When I arrived at the retreat centre I walked through wrought iron heart gates and was shown my casita which came complete with an out door shower, a balcony, and a swinging double bed. I knew immediately the next few days would be heaven.
That evening we walked out one gate, and in another announcing that we were now on retreat. We were given a few rules to follow to ensure this really was retreat time. For example, no social media in the morning and no advice giving and no praise for the work we were producing on retreat. I wondered how I’d survive not giving advice. Wasn’t that what I was good at? It turned out to be a great rule.

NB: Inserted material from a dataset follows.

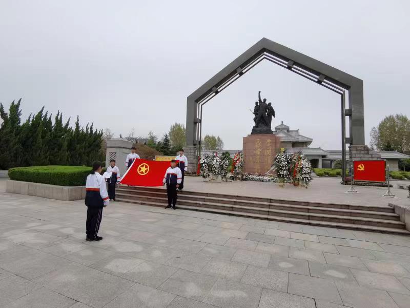在紀(jì)念碑前,團(tuán)員代表敬獻(xiàn)鮮花,默哀致禮。隨后團(tuán)員們?cè)趫F(tuán)員代表王菲同學(xué)的帶領(lǐng)下,面對(duì)團(tuán)旗,重溫入團(tuán)誓詞,深切緬懷先烈們不屈不撓、艱苦奮斗的精神。英雄雕塑目光堅(jiān)定,身姿偉岸,讓團(tuán)員們身臨其境在那段血與火的戰(zhàn)爭(zhēng)中。隨后同學(xué)們參觀了烈士紀(jì)念館,館中一張張圖片、一段段文字、一件件物品都承載著那段可歌可泣的歷史,團(tuán)員們從中尋找著歷史的足跡與滄桑,這些鮮活的史料告訴我們要銘記歷史、緬懷先烈、珍愛(ài)和平、開(kāi)創(chuàng)未來(lái)!

I didn't have to come up with ideas to save other people. I could focus on me. And I wondered how it would feel not getting praise. I love praise. But the reasoning was perfect. We need to learn to believe in ourselves, to trust our inner voice, to bolster ourselves from within. It was enough to be listened to, to share my voice in the presence of other creative, compassionate women.
Every night our chef, Sofia, placed a hand on her heart and said, “This is my special dish for you. I hope you will love it.” Her recipes were handed down from her grandmother, to her mother, to her. Her oils were infused with spices for months to gather flavor. Her lemons preserved to produce a fusion of Mexican and North African flavors.

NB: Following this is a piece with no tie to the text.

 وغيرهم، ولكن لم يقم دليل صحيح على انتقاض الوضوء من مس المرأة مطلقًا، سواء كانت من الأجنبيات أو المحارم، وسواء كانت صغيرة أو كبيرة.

The days gave me something I didn't realize how much I needed. Time to myself. Time completely for me to take care of only me … it was as though every day I drank from a nectar that made me feel stronger, happier, and less tangled.
I am the same as the women who came on my retreats to the various places I’ve led them. It took me a lot to show up. I put aside the money. I put aside the time. I worked out logistics for my kiddo’s and I lent on the help of others – husband included. And I gave myself a precious gift.
And all the fear of change and fear of the unknown that had prevented me from going on retreat sooner… Ha! Back home, post retreat, I realized I needed to drop one of my dance classes that didn’t bring me joy and gobbled up precious time. I realized I needed to get rid of my chickens (will send them back to the farm from whence they came as they are good layers and don’t need their heads chopped off yet) because they have become one more thing to take care of and my attempts at sustainability won’t fail just because I don't have chickens. I realized I needed to spend more time doing my own movement self-practice (not just taking other people’s classes). And I realized I needed more community and that part’s a little tricky coz soul friends don’t grow on trees.
And on the writing front magic happened. I had a couple of breakthroughs in my novel. The end of the first draft is in site. It has a new twist that gives the story line depth and suspense.
So… all in all here’s what I believe:
· We must claim space for ourselves otherwise our light grows dim under the piles of laundry, the to-do lists, the errands, the to-and fro-ing of children here and there.
· We must claim space for ourselves otherwise we never shine as brightly as we might.
· We must claim space for ourselves because each of us that shines is a beacon for another to shine brightly, a reminder to another dear friend to take good care, a reminder to our daughters and sons to always take good care of themselves.
Here are a few mini retreat ideas for you if it’s time to dive deeper into your interior world and let yourself shine brighter:
· Ask yourself what you’re resisting. Make a list, brain storm, brain dump, keep your hand flowing as you write down all the things – see if there’s anything juicy in there you’re open and ready to change.
· Find someone you trust to go on a retreat with! I’ll have upcoming retreats listed on my website.
· Buy a book and create your own retreat. Here’s the book my retreat leader/writing teacher wrote: Women's Retreat Book.
· Plan a ‘desert day’ a month. A wise nun said to my sister that in her community they take an hour a week, a day a month and a week a year for personal retreats. They call them their monthly ‘desert days’ and are respectful of that time.